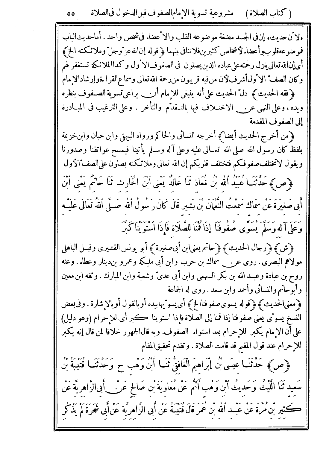 (فقه الحديث) دلّ الحديث على أنه ينبغى للإمام أن يراعي تسوية الصفوف بنظره ويده، وعلى النهى عن الاختلاف فيها بالتقدم والتأخر. وعلى الترغيب في المبادرة إلى الصفوف المقدمة
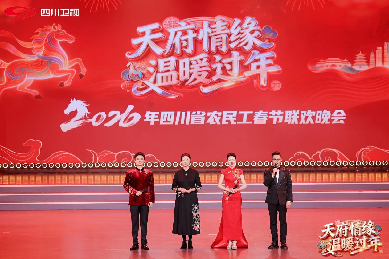 2月17日晚,由四川省人力资源和社会保障厅主办、四川广播电视台承办的“天府情缘·温暖过年”2026年四川省农民工春节联欢晚会温暖启幕。晚会以“骏马精神”为主线,通过歌舞、故事、非遗展演等形式,为全省2600万川籍农民工送上饱含家味与情味的新春祝福。
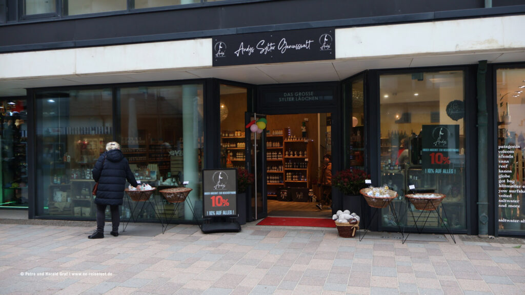 In der Fußgängerzone angekommen blieben wir am Sylter Teehaus Teekula stehen. Eine nette junge Frau bot uns heißen Tee an. In kleinen Bechern. Lecker. Und Lust auf mehr. Innen im Laden gab es nochmals verschiedene Teeproben, die freigiebig verteilt wurden. Zum Schluss war unser Körbchen, das wir uns mittlerweile besorgt hatten, gut gefüllt. Sorten, die ich noch nie gehört hatte, grüner Tee mit weißem Tee, Tee zum Essen, man war im Schlaraffenland des Tees. Aber es gab noch mehr im Angebot: Marmeladen, Bonbons, Kekse, Schokoladen-Spezialitäten und, und, und. Für alle Teefans ein MUSS. Frohen Mutes verließen wir mit einer dicken Tüte den Teeladen und freuten uns schon jetzt, auf ein bisschen Syltfeeling zuhause. Weiter die Einkaufsmeile entlang. Da mein Mann sich seit einiger Zeit für Whisky interessiert, blieb er plötzlich abrupt stehen. Ich schaute auf das Schaufenster, „Andys Sylter Genusswelt“ stand da und mein Mann war schon drinnen.
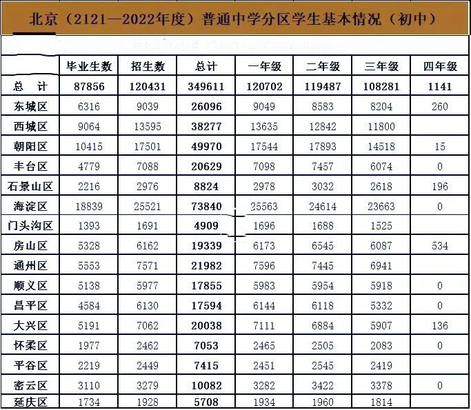 2021~2022学年北京各区初高中毕业生数、招生数、在校生数。
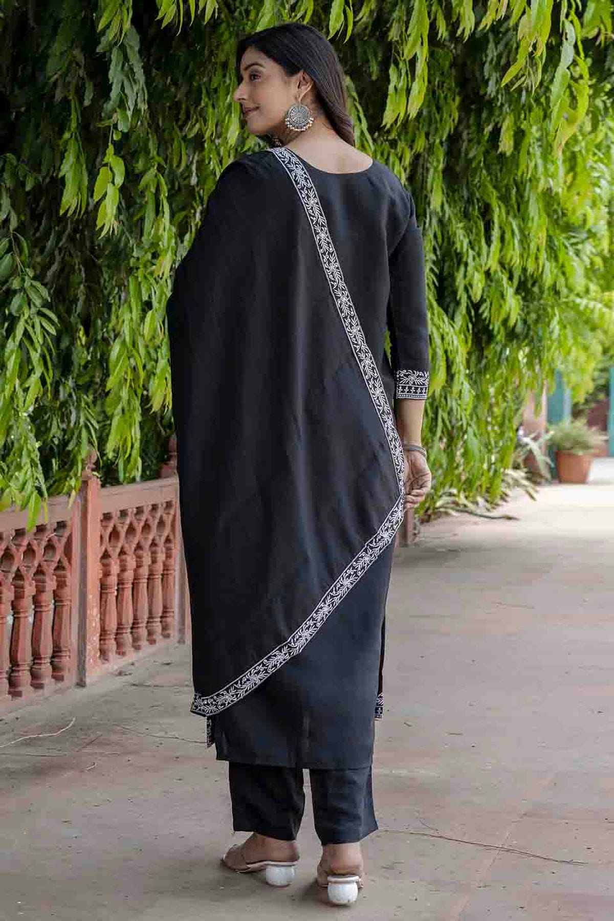 Black Colour Viscose Roman Silk Stitched Pant Style Suit VSSS1113896
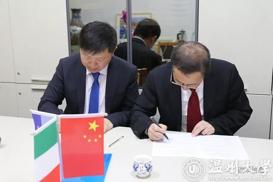 成人视频 意大利分校校长严晓鹏(右)与欧华信息网董事长徐策(左)签署协议
•••••
## Required action
Leaving images out, please output every line of the data exactly.

## Task solution
 (فقه الحديث) دلّ الحديث على أنه ينبغى للإمام أن يراعي تسوية الصفوف بنظره ويده، وعلى النهى عن الاختلاف فيها بالتقدم والتأخر. وعلى الترغيب في المبادرة إلى الصفوف المقدمة
 2月17日晚,由四川省人力资源和社会保障厅主办、四川广播电视台承办的“天府情缘·温暖过年”2026年四川省农民工春节联欢晚会温暖启幕。晚会以“骏马精神”为主线,通过歌舞、故事、非遗展演等形式,为全省2600万川籍农民工送上饱含家味与情味的新春祝福。
 In der Fußgängerzone angekommen blieben wir am Sylter Teehaus Teekula stehen. Eine nette junge Frau bot uns heißen Tee an. In kleinen Bechern. Lecker. Und Lust auf mehr. Innen im Laden gab es nochmals verschiedene Teeproben, die freigiebig verteilt wurden. Zum Schluss war unser Körbchen, das wir uns mittlerweile besorgt hatten, gut gefüllt. Sorten, die ich noch nie gehört hatte, grüner Tee mit weißem Tee, Tee zum Essen, man war im Schlaraffenland des Tees. Aber es gab noch mehr im Angebot: Marmeladen, Bonbons, Kekse, Schokoladen-Spezialitäten und, und, und. Für alle Teefans ein MUSS. Frohen Mutes verließen wir mit einer dicken Tüte den Teeladen und freuten uns schon jetzt, auf ein bisschen Syltfeeling zuhause. Weiter die Einkaufsmeile entlang. Da mein Mann sich seit einiger Zeit für Whisky interessiert, blieb er plötzlich abrupt stehen. Ich schaute auf das Schaufenster, „Andys Sylter Genusswelt“ stand da und mein Mann war schon drinnen.
 2021~2022学年北京各区初高中毕业生数、招生数、在校生数。
 Black Colour Viscose Roman Silk Stitched Pant Style Suit VSSS1113896
 成人视频 意大利分校校长严晓鹏(右)与欧华信息网董事长徐策(左)签署协议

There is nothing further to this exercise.